I’m not often hit with life-altering realizations on a regular basis, those “Aha moments” that everyone speaks about as a precursor to change, right before they move to Nicaragua or shave their head or perhaps taste tofu for the first time.
But yesterday, I had one…
It came from nowhere. Bee and I had spread a blanket in the backyard, soaking in the spoils of a long-awaited winter thaw where the temperature had finally – finally – ticked above 70 degrees.
We were celebrating on the grass, sunglasses in hand, snacks at the ready, dogs underfoot. We lifted our heads to the sun and let the fresh blades tickle our feet, then paused to color our cheeks with dandelions.
And this reminder flew over me, like a stork dropping a 10 lb baby weight on my chest: these are the days.
Just as I’ve looked back fondly on my own childhood – donning my yellow rubber boots in the middle of a rainstorm, soaking in long and winding novels with a flashlight under the covers, the delight of a cold, dripping ice cream on a summer day – so, too, will I look back on these days.
They’re hard, but simple. They’re maddening, but uncomplicated.
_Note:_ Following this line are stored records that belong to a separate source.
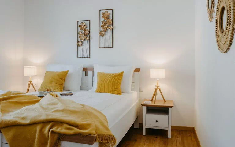 Discover the perfect destination for your next relaxing holiday in Mörbisch am See. This charming holiday flat offers the ideal starting point for an unforgettable holiday, whether as a couple or with the family. Situated on the first floor of a detached house, the flat is also easily accessible with a wheelchair lift, making it a comfortable home away from home.Inside, you will find a bedroom that can be darkened to guarantee peace and privacy. A bathroom with a wellness shower and infrared radiator adds to the feeling of well-being. The entire flat is air-conditioned, ensuring a pleasant room temperature even on hot summer days. For self-catering guests, the kitchen is equipped with a ceramic hob, a filter coffee machine, a kettle and a dishwasher and has everything you need to prepare meals. A washing machine is also available for shared use for a small extra charge.The outdoor area of the flat is a real retreat. The south-facing sun terrace invites you to spend relaxing hours outdoors. Enjoy the tranquillity of the garden, which is equipped with a herb bed, fruit trees and a children's swing and is available for your exclusive use.The location of the flat could not be more ideal. Just 200 metres away is the nearest village centre, including a grocery store, while the beach and the water are a short 2000-metre walk away. Despite its proximity to essential amenities, the location offers a peaceful stay away from the hustle and bustle of everyday life.In this holiday flat in Mörbisch am See you will find everything you need for a relaxing and comfortable stay. Here you can unwind and take a break from everyday life. Please note, however, that pets are not permitted in this flat.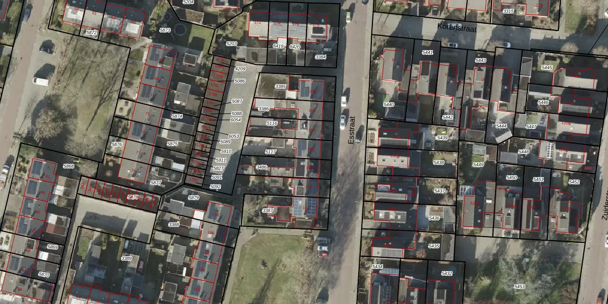Gebruik de zoekbalk of klik op een perceel voor informatie over de adressen binnen dit perceel.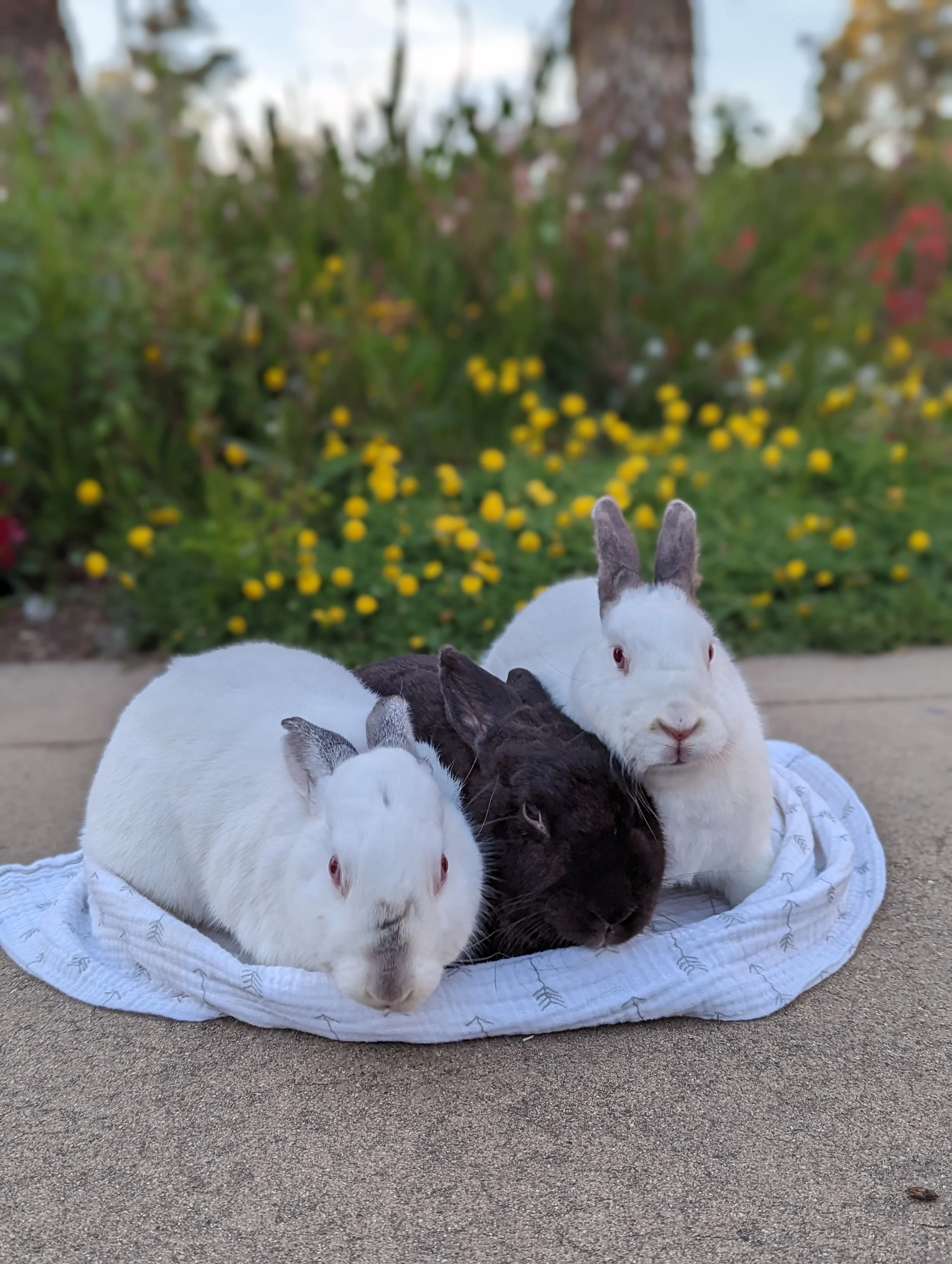We adopted Macaron from Friends of Unwanted Rabbits in Folsom, CA in December 2020, and Chocolatte (and Charlotte🌈) from Bunny World Foundation in Los Angeles, CA in July 2021. The trio are 100% free-roam, litter trained, trick-trained, and bonded to each other. We cannot imagine having only one rabbit after watching the way these three take care of each other. Their bond showed us something special—and other rabbit rescue volunteers encouraged us to share what we learned with the community.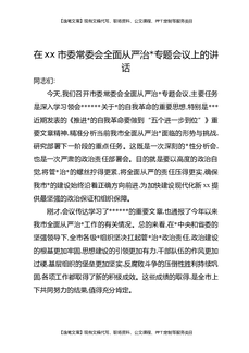 在XX市委常委会全面从严治党专题会议上的讲话.docx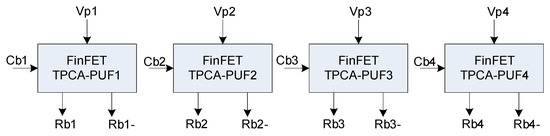 It has been revealed that the FinFET device has several advantages, such as higher on-state current, lower off-state current (lower leakage current), faster switching speed, and its double dual gates, enabling three possible connection modes (SG, IG, and LP) for low-power and high-speed applications. In this work, we have investigated the proposed TPCA-PUF cell using bulk FinFET with the 45 nm process for all SG, IG, and LP modes. As a result, we have found that SG mode is suitable for the proposed TPCA-PUF circuit topology. The gate connection type of LP and IG modes led to higher energy and produced the wrong response bits for a larger cascaded bit-length (4-bits in this work). Therefore, the whole work in this paper has utilized the SG mode connection type (refer to Figure 4).

It’s “Mama, hold my hand,” and “No, I don’t want raisins,” and “Yes, leave me alone,” and “Mommy, sit on counter?” It’s pushing and pulling and trying and failing, but these days, our babies are still tucked sweetly under our wings.
It can be uncomfortable here – for everyone – but some day our wings will grow too small and our baby birds too big. And we’ll view them from a million miles away, watching and waiting and wondering if they’ll return home with a few piercings on the back of a bad bird’s motorcycle.
Until then, we have now. We have today. We have these moments, dusted with cereal remnants and adhered with sticky banana fingers. But today’s smudges – the tantrums and the chasing and the sleepless nights – are but yesterday’s memories.